Hendricks Brown, University of South Florida

This presentation examines the variation in impact with effect sizes by describing traditional meta-analyses and what they intend to discover; examining impact with multi-level models and mixtures; and outlining the inherent limits of meta-analyses and reporting the findings.

Traditional Meta-Analyses
There are several traditional questions that can be addressed by effect size modeling in meta-analysis: (a) is there an overall protective or harmful effect across all studies; (b) does effect vary by population characteristics, intervention, or study design characteristics; and (c) how much variation is explained by these factors?

There are several requirements for determining the overall mean. First, the outcome measure must be polarized with “good” and “bad” ends. Researchers often try to develop measures on a continuum, but do not always succeed. Second, outcome measures need to be placed on the same scale in order to compare them. Effect sizes are calculated for continuous outcomes, but log odds ratios are often used for dichotomous variable. Finally, the analytical method and results need to be summarized.

Predictors of Effect Size from Trials
One way to analyze data with traditional analyses is using regression modeling at the level of a trial. This equation is expressed as Program Effect Size = Population Characteristics + Intervention Characteristics + Study Design Characteristics + Error. Each of these components is described below.

Population characteristics are typically at the level of the study, not within the study. A meta-analysis that illustrates this is “Bereavement Intervention Meta-analysis Ignores Differential Impact by Gender” (Kato & Mann, 1999). Two out of 11 studies reported results separately by gender or adjusted for gender. In another analysis, the impact was found to be lower when more distressed children were excluded and the impact was lower for those where on average parent death occurred longer ago” (Currier, Holland, & Neimeyer, 2007).

Intervention characteristics determine if the intervention varies in their effects. The following examples are traditional effect size modeling in meta-analyses where typically each study ends with one outcome, scaled as an effect size. Durlak and Wells (1997) reviewed 177 mental health prevention programs and reported a single effect size. In 2000, Tobler and Roona reviewed 207 drug prevention program trials and divided the outcomes into follow-up intervals. They also averaged all effect sizes within follow-up intervals, whereas most analyses only use the first follow-up period. They concluded that interactive school drug prevention programs were more effective than didactic ones. Brown, et al., (2000) reviewed 214 psycho-social-education prevention programs for children age 0 - 6. The authors identified 1, 451 outcomes or an average of 7 outcomes per trial.
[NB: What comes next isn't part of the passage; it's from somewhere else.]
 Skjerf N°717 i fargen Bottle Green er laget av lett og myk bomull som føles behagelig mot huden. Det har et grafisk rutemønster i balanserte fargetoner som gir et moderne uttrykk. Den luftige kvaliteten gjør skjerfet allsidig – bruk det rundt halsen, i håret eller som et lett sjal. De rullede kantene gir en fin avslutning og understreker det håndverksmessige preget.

Trial design characteristics can impact the effect size. Wilson, et al., (2003) concluded that randomized trials for aggressive behavior had systematically greater impact (0.34) than nonrandomized (0.13).

Finally, error, or variability, comes from two sources: (a) standard error (SE) for each effect size calculated and included in the analyses and (b) heterogeneity of effect size’s beyond these SE’s which are assumed to be normally distributed and estimated from a mixed effects model.

Multi-level Modeling
Multi-level or mixed models can explore the effect of multiple outcomes within a trial to determine if the impact is general or long-lasting. In addition, researchers can investigate heterogeneity with mixtures modeling to examine if further variations are detectable.
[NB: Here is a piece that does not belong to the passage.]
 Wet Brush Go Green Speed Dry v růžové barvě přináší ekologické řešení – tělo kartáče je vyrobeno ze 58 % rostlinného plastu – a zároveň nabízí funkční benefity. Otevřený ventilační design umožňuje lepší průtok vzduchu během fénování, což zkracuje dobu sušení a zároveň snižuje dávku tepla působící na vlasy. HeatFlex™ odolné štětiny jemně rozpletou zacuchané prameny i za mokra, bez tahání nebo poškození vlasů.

A Random Slope Model to incorporate known standard errors is expressed as:

ESTrial = FIXED Trial EFFECTS +  βTrial SETrial+ εTrial

 

A Random Slope Model to incorporate multiple outcomes is expressed as:

ESTrial, Outcome = FIXED Trial EFFECTS +  FIXED Outcome EFFECTS +

βTrial SETrial + εTrial + εOutcome

Formal modeling of effect sizes in multi-level modeling can be completed with Mplus 4.2 Models. The software calculates two-level analyses (trial, outcome); random slopes (internal standard error); regression of effect size on trial and outcome characteristics; and adjusts for correlated outcomes within a trial.

Summarizing Studies with Effect Sizes
It can be difficult to summarize studies with effect sizes. Putting every measure on a common scale may hide important effects within trials. An example is a meta-analysis of bereavement interventions for children conduct by Curran et al., (2007). The meta-analysis revealed very low effect sizes for child bereavement interventions. However, the effects were stronger for high-risk children suggesting low-risk children were not as likely to be helped because of their “resiliency trajectory.”
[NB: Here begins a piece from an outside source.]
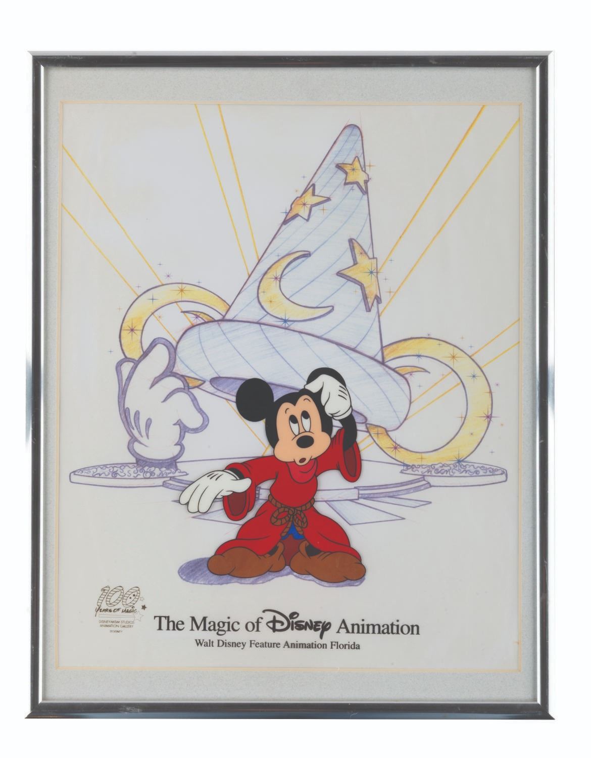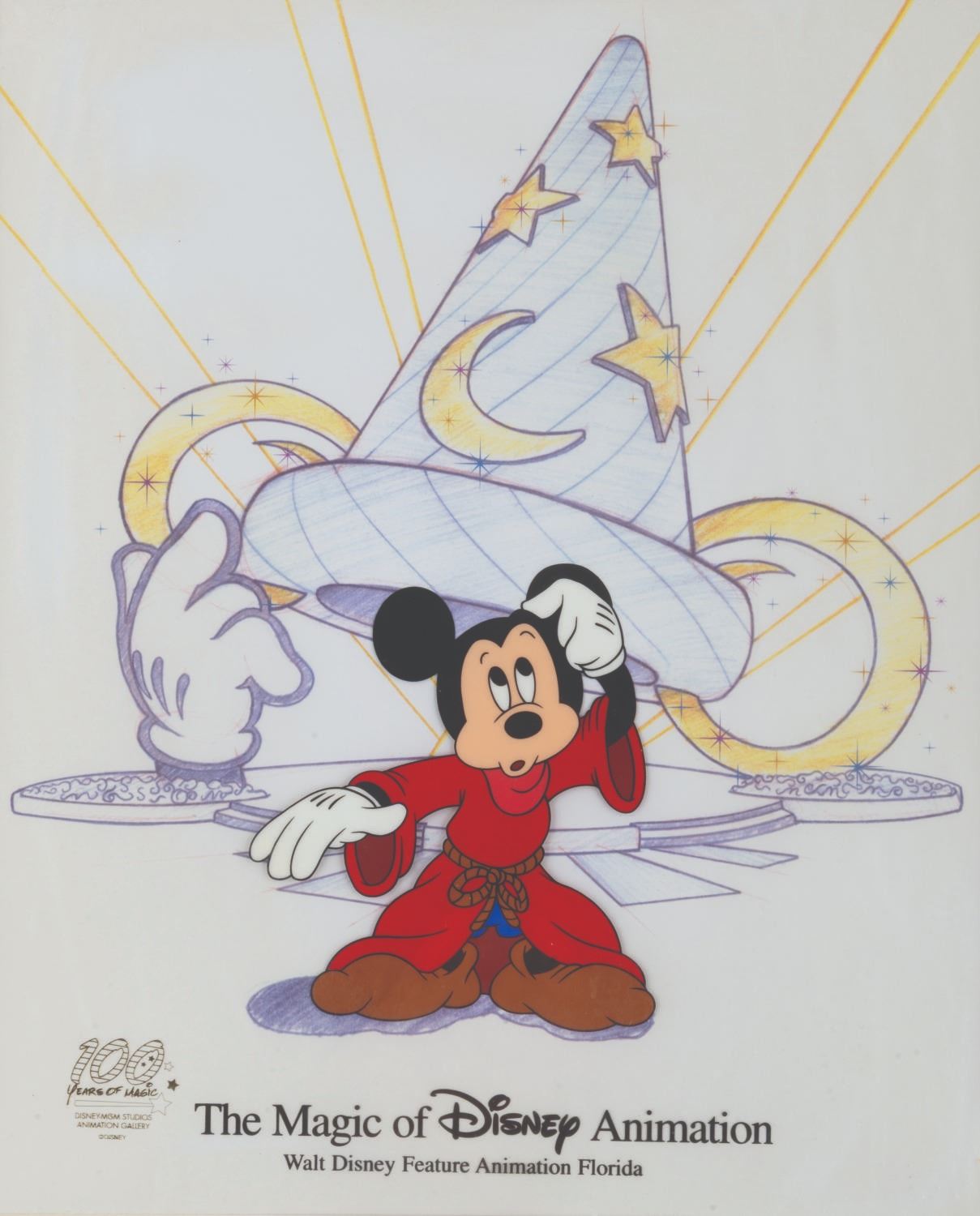 (Disney-MGM Studios, 2001) A Limited Edition sericel of Sorcerer's Apprentice Mickey titled"100 Years of Magic.” With a character size of 4.25” x 5” in a 10” x 12.25” visible image, the piece is in very good condition.

In conclusion, it is possible to examine contextual factors with traditional meta-analyses. There can be difficulties, however, since statistical power is often low, and there may be publication bias. Many meta-analyses end up summarizing all outcomes of a single trial using one effect size.  This collapsing of outcomes to make a single effect size for a trial can hide important structure. Multilevel modeling can provide a  useful means of analyzing multiple outcome level effect sizes  to understand how outcome characteristics, type of outcome, length of follow-up, and interactions affect intervention impact. Such modeling requires some adjustment for correlation between multiple outcomes and measurement times within a trial. Finally, meta-analyses, although the best tool available, may miss the most important message when used for policy implications. In particular, key predictor variables within a study that show important interactions with intervention condition may not be replicated across studies.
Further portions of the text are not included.